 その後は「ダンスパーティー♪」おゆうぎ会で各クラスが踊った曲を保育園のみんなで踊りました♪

═══

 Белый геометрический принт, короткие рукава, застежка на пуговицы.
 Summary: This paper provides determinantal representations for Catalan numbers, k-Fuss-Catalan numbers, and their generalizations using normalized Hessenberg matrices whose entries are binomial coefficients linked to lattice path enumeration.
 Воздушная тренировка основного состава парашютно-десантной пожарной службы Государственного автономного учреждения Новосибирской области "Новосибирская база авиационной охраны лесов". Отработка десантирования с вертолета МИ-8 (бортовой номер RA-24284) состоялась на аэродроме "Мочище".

═══

What the task requires –
Your answer should be the exact lines above from the one with "Белый геометрический принт, короткие" through the one with "Воздушная тренировка основного", both included, and nothing besides.

Completed task –
 Белый геометрический принт, короткие рукава, застежка на пуговицы.
 Summary: This paper provides determinantal representations for Catalan numbers, k-Fuss-Catalan numbers, and their generalizations using normalized Hessenberg matrices whose entries are binomial coefficients linked to lattice path enumeration.
 Воздушная тренировка основного состава парашютно-десантной пожарной службы Государственного автономного учреждения Новосибирской области "Новосибирская база авиационной охраны лесов". Отработка десантирования с вертолета МИ-8 (бортовой номер RA-24284) состоялась на аэродроме "Мочище".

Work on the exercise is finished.